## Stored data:

▼

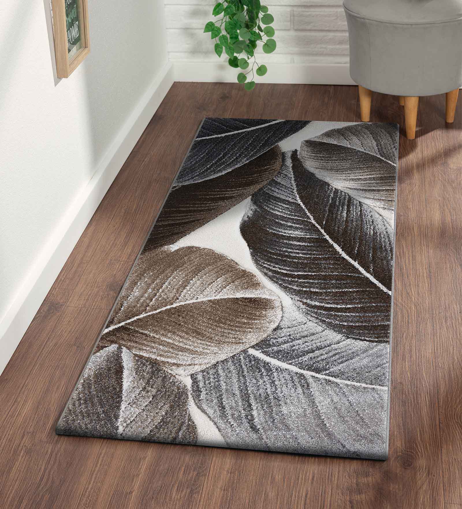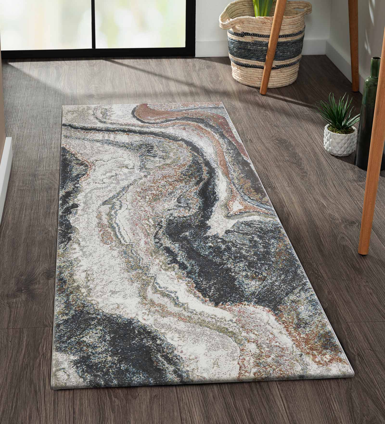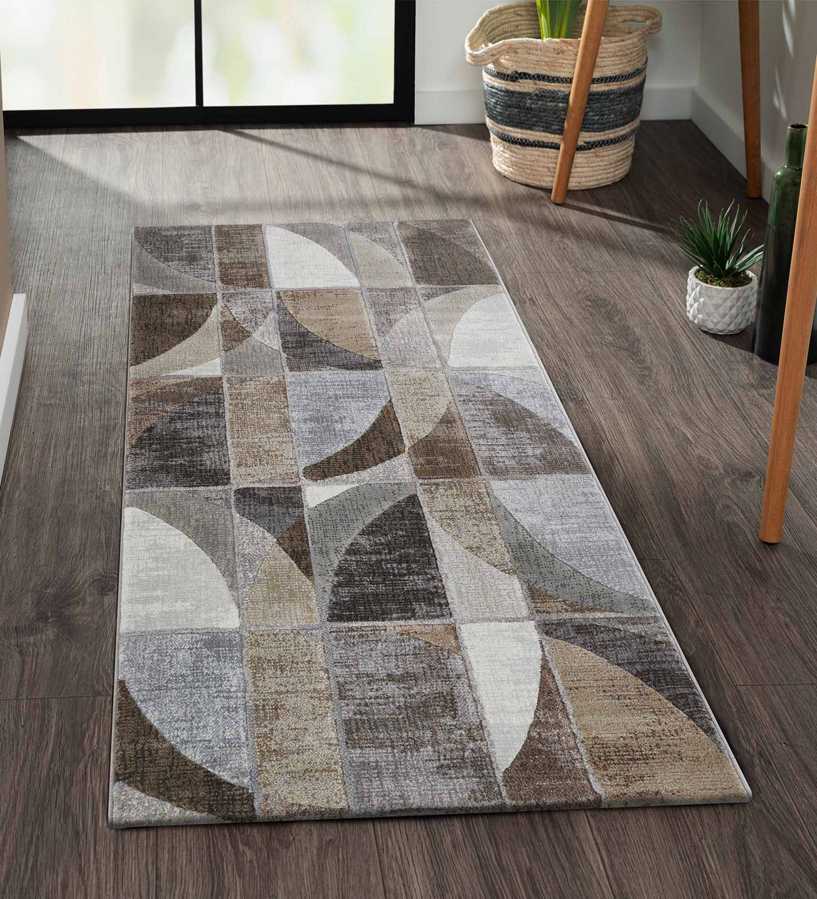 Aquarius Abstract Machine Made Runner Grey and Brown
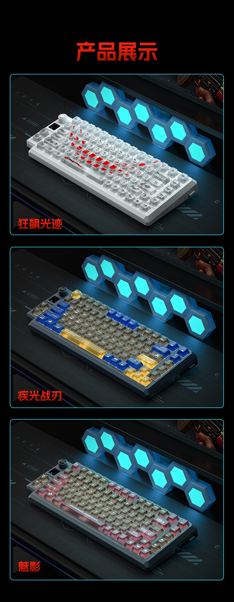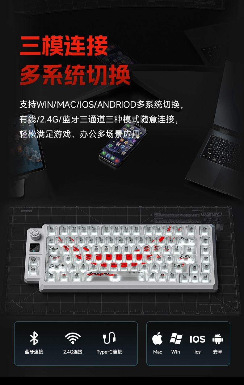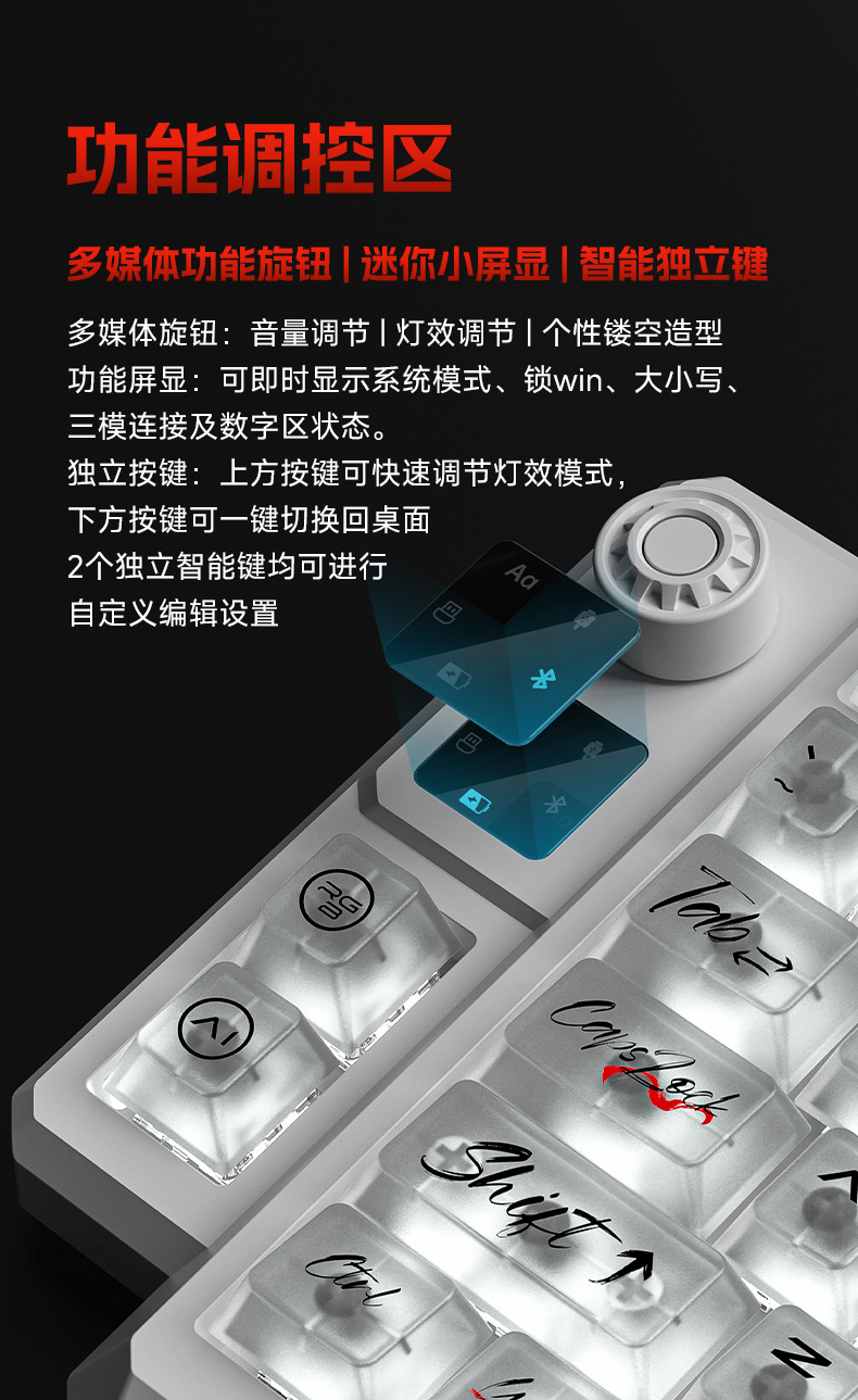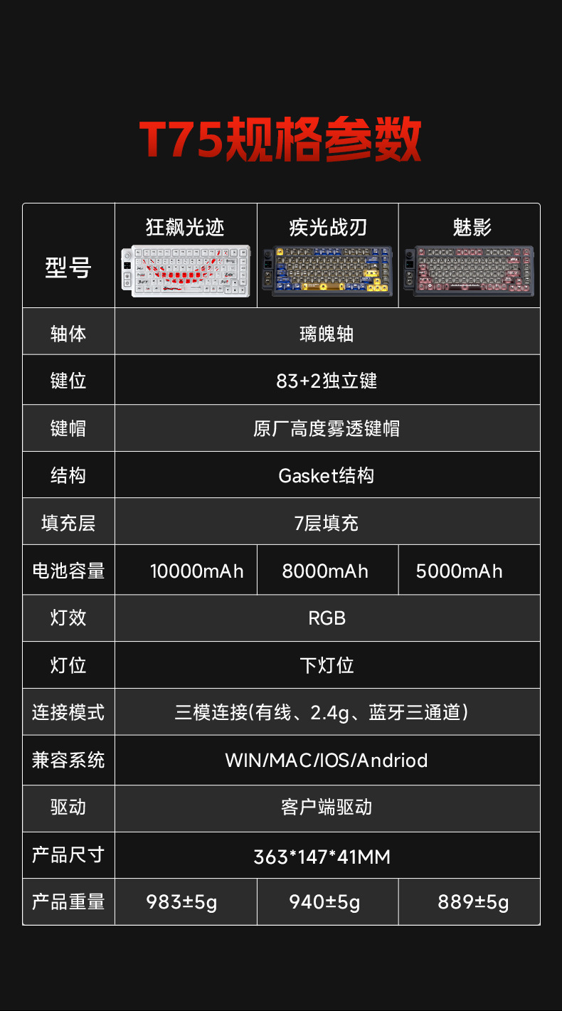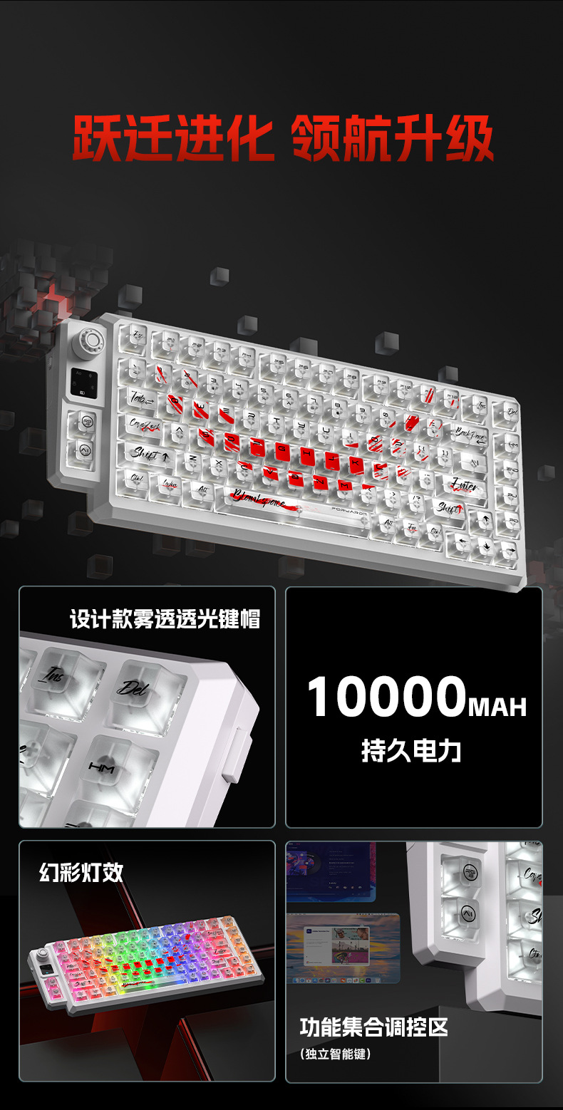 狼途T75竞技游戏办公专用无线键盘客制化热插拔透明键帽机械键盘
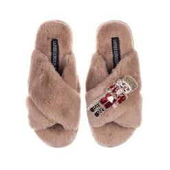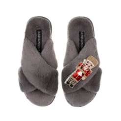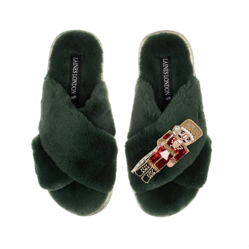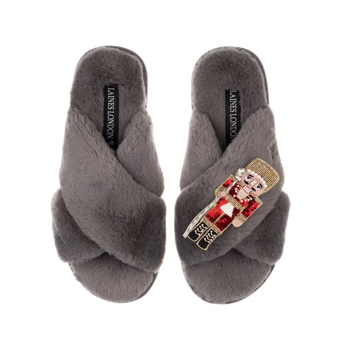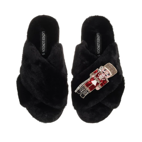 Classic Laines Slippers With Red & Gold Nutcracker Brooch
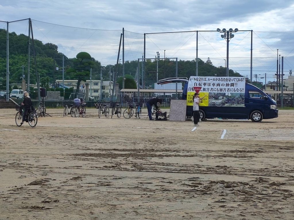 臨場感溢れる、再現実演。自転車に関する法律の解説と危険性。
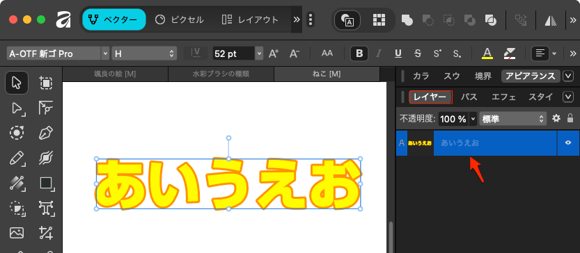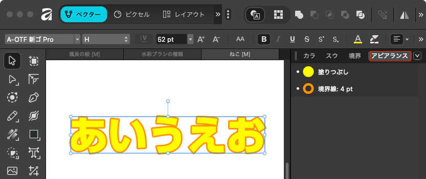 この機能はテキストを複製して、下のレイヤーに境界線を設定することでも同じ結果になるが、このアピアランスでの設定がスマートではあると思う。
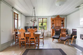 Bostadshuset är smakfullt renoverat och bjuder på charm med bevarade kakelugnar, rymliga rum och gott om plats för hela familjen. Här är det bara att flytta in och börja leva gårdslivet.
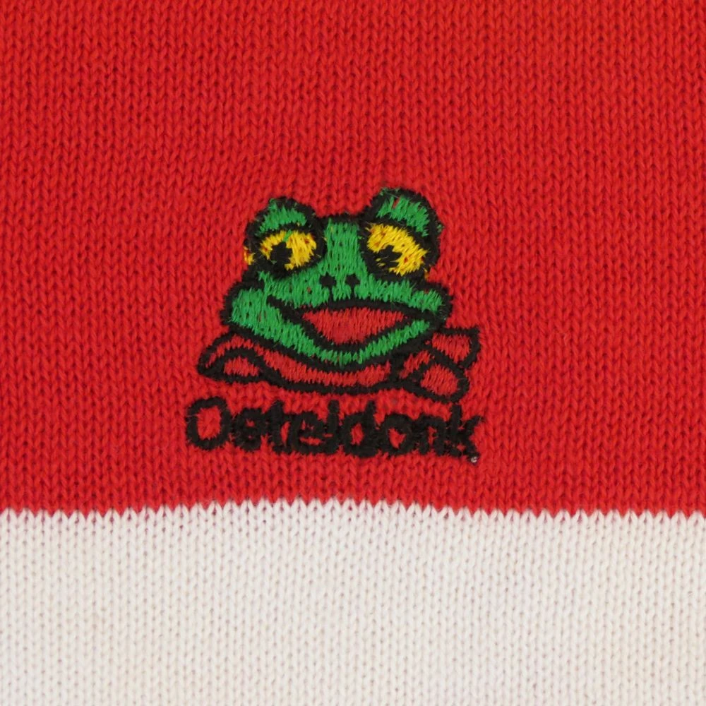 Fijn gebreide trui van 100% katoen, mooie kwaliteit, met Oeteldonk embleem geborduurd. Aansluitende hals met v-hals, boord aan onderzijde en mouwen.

▲

## Exercise aim:
From the opening line of the entries above to the line that holds "この機能はテキストを複製して", inclusive, reproduce each line exactly and omit any picture.

## Solution below:
 Aquarius Abstract Machine Made Runner Grey and Brown
 狼途T75竞技游戏办公专用无线键盘客制化热插拔透明键帽机械键盘
 Classic Laines Slippers With Red & Gold Nutcracker Brooch
 臨場感溢れる、再現実演。自転車に関する法律の解説と危険性。
 この機能はテキストを複製して、下のレイヤーに境界線を設定することでも同じ結果になるが、このアピアランスでの設定がスマートではあると思う。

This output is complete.